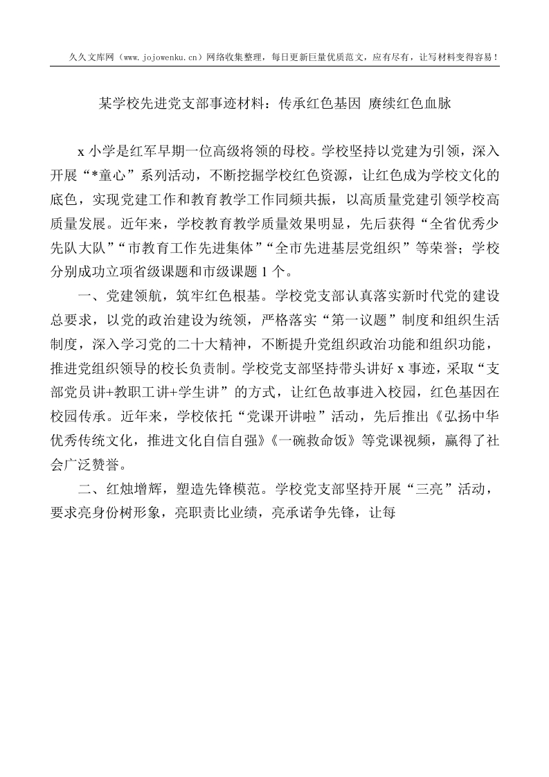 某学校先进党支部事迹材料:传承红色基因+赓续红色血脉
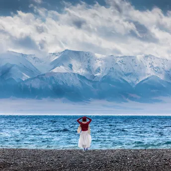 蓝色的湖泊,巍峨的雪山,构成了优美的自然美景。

--

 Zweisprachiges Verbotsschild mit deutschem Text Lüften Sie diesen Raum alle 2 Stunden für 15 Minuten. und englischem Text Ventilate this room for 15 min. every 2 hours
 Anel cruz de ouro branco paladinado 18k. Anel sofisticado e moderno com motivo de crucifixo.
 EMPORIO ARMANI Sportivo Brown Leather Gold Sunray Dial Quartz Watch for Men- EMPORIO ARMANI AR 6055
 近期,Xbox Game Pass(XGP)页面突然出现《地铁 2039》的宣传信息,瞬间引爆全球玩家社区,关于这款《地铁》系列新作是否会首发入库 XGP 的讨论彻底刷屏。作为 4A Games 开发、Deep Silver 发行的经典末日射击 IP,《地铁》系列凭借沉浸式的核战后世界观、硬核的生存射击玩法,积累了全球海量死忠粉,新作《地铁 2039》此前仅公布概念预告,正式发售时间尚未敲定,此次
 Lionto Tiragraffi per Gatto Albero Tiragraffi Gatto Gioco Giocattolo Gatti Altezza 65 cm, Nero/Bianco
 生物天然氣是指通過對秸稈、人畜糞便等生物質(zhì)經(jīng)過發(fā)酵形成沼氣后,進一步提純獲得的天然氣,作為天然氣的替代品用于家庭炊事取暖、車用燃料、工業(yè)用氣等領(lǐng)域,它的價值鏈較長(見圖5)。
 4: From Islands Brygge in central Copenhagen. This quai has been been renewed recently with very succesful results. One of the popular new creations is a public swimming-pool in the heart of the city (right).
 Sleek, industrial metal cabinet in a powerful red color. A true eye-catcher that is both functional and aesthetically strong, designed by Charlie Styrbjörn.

**What needs to be done**: Starting at the line with "Zweisprachiges Verbotsschild mit" and ending at the line with "生物天然氣是指通過對秸稈、人", print each line of the listing above exactly, with no other lines.

**Answer space**:
 Zweisprachiges Verbotsschild mit deutschem Text Lüften Sie diesen Raum alle 2 Stunden für 15 Minuten. und englischem Text Ventilate this room for 15 min. every 2 hours
 Anel cruz de ouro branco paladinado 18k. Anel sofisticado e moderno com motivo de crucifixo.
 EMPORIO ARMANI Sportivo Brown Leather Gold Sunray Dial Quartz Watch for Men- EMPORIO ARMANI AR 6055
 近期,Xbox Game Pass(XGP)页面突然出现《地铁 2039》的宣传信息,瞬间引爆全球玩家社区,关于这款《地铁》系列新作是否会首发入库 XGP 的讨论彻底刷屏。作为 4A Games 开发、Deep Silver 发行的经典末日射击 IP,《地铁》系列凭借沉浸式的核战后世界观、硬核的生存射击玩法,积累了全球海量死忠粉,新作《地铁 2039》此前仅公布概念预告,正式发售时间尚未敲定,此次
 Lionto Tiragraffi per Gatto Albero Tiragraffi Gatto Gioco Giocattolo Gatti Altezza 65 cm, Nero/Bianco
 生物天然氣是指通過對秸稈、人畜糞便等生物質(zhì)經(jīng)過發(fā)酵形成沼氣后,進一步提純獲得的天然氣,作為天然氣的替代品用于家庭炊事取暖、車用燃料、工業(yè)用氣等領(lǐng)域,它的價值鏈較長(見圖5)。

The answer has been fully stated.